We know that the push relabel method indeed terminates because there is a bound on the number of operations it performs. We bound separately each of the three types of operations - relabels, saturating pushes, and non-saturating pushes. With these bounds, the algorithm runs in O(V^2E) time
We now look at relabel-to-front algorithm.
This algorithm improves the running time of the maximum flow problem by choosing the order of basic operations carefully and managing the network data structure efficiently.
The relabel to front algorithm maintains a list of the vertices in the network. It starts from the front and scans the list repeatedly selecting an overflowing vertex u and then removing the excess at that vertex. The push and relabel operations happen as usual in the push-relabel-algorithm until u has no positive excess. On relabeling a vertex, it is moved to the front and the algorithm begins its scan again.
#coding exercise
Consider a row of n coins of values v1 . . . vn, where n is even. We play a game against an opponent by alternating turns. In each turn, a player selects either the first or last coin from the row, removes it from the row permanently, and receives the value of the coin. Determine the maximum possible amount of money we can definitely win if we move first.
If we take the example of 
1. 8, 15, 3, 7  we know that the max value can be 15 + 7
but the strategy of the players cannot be to greedy. For example if player one chooses 8 the opponent chooses 15, player one chooses 7 and the opponent chooses 3 then no player is left with the maximum. Instead the players must use a strategy to minimize the profit for the other.
Given coins laid out from i to j, a player can collect 
F(i,j) = max(Vi + min(F(i+1, j)) ,                        Vj + min(F(i, j-1))
The recursive solution, taking only our turns into account, is therefore 
F(i,j) = Max(Vi + max( F( i+2, j), F(i+1,j-1)) ,
                      Vj + max( F(i+1, j-1), F(i,j-2)))

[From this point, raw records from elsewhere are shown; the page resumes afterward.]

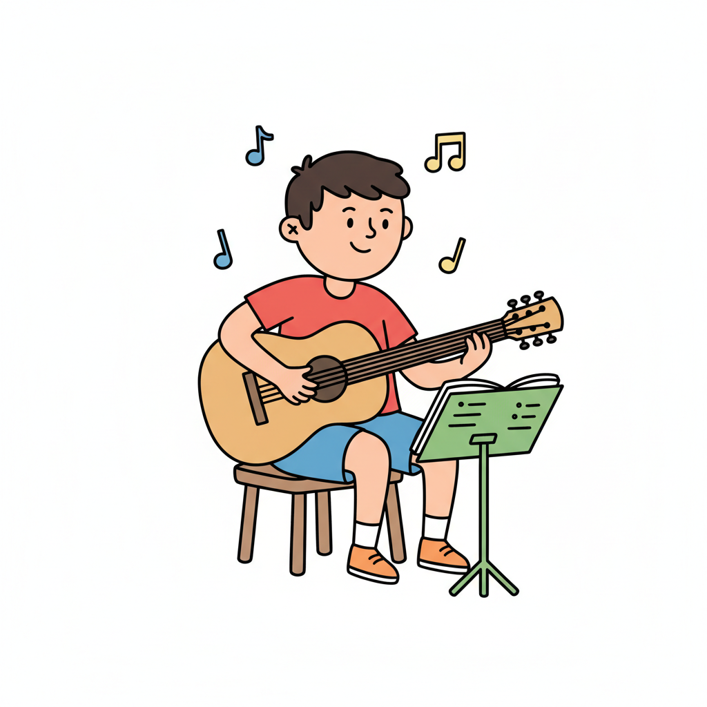 Junger Junge spielt Gitarre auf einem Stuhl mit Notenblatt.
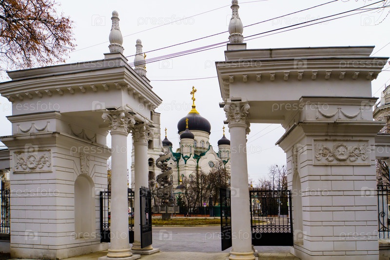 Городской пейзаж. Благовещенский кафедральный собор. Вид из парка "Орленок". Воронеж
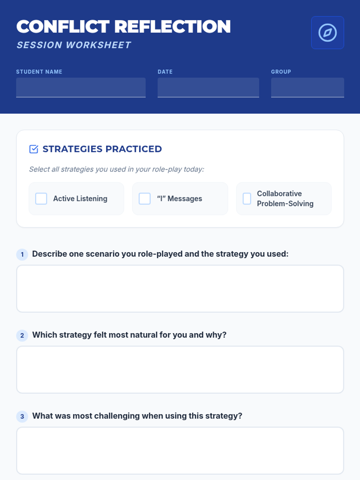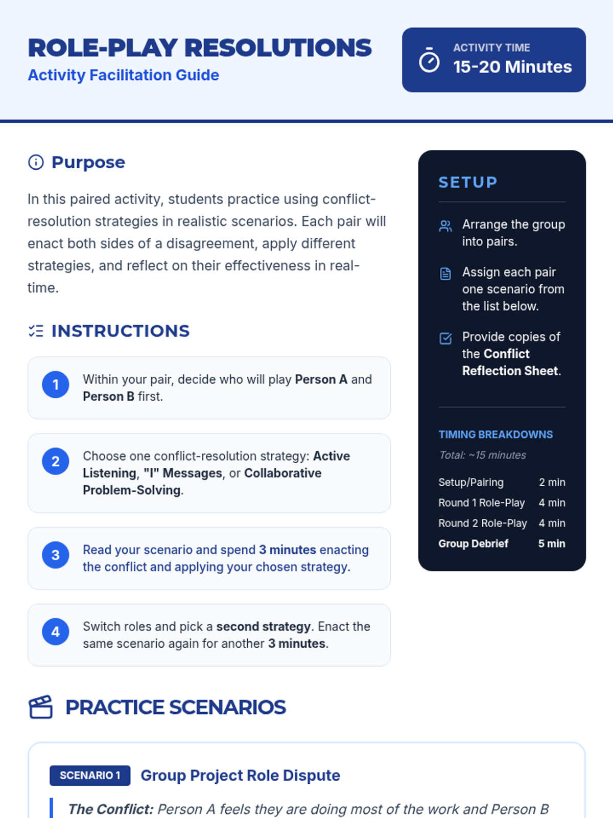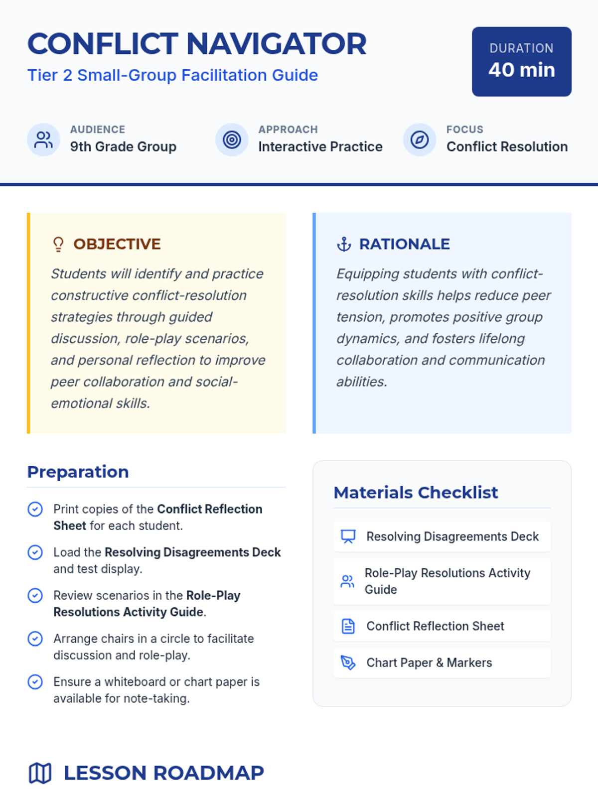 A 40-minute Tier 2 small-group lesson for 9th graders to learn and practice constructive conflict-resolution strategies like active listening, 'I' messages, and collaborative problem-solving.

Int GetCoins(List<int> coins, int i, int j)
{
int n = coins.count;
If (i >= j) return 0;
If (i==j) return coins[i];
If (j == i+1) return max(coins[i], coins[j]);
Return  Max(coins[i] + max(GetCoins(coins, i+2, j), GetCoins(coins, i+1,j-1)) ,
                      Coins[j] + max(GetCoins(coins,i+1, j-1), GetCoins(coins,i,j-2)));
}
int GetBest(List<int> coins)
{
int n = coins.count;
int table[n, n];
int  i, j, k;
for ( k = 0; k < n; k++)
{
   for (i = 0; j = k;  j < n; i++; j++)
  {
     int x = ((i+2) <= j) ? table[i+2, j] : 0;
     int y = ((i+1) <= j-1) ? table[i+1, j-1] : 0;
     int z = (i <= (j-2)) ? table[i, j-2]: 0;
     table[i,j] = max(coins[i] + max(x,y), coins[j]+max(y,z));
  }
}

return table[0, n-1];
}
#puzzle
How many ways can n objects put in k bins ?

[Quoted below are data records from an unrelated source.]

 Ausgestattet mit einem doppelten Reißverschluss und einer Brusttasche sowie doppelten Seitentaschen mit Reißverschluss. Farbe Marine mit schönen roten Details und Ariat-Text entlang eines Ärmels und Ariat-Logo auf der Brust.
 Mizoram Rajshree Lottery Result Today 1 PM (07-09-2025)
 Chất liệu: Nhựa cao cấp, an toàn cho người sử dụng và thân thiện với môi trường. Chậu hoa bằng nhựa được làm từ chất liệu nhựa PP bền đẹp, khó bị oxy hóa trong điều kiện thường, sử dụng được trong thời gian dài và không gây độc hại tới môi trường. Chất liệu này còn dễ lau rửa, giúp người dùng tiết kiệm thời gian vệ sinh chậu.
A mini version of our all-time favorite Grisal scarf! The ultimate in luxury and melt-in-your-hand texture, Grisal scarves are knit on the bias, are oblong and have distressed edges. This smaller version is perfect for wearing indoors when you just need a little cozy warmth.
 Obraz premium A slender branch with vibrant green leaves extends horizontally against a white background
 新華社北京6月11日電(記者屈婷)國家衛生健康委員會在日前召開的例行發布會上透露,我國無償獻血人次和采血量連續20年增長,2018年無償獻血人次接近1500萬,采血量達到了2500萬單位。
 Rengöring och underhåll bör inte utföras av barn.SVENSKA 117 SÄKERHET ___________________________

The answer is the binomial coefficient n-1 choose k-1
We said we could view this as arranging stars and bars over stars where the bars are analogous to bins that must contain at least one object each and the stars are all lined up with at most k-1 bin partitions between them since there are n-1 gaps, this is equivalent to choosing k-1 from n-1
This is also the number of k tuples of positive integers that form a sum n
If the bins were allowed to be empty, the number changes. Here there can be more than one bin partitition or an empty bin between the stars. We just have arrange stars and bars between them. This is similar to choosing n positions for the star from n+k-1 positions.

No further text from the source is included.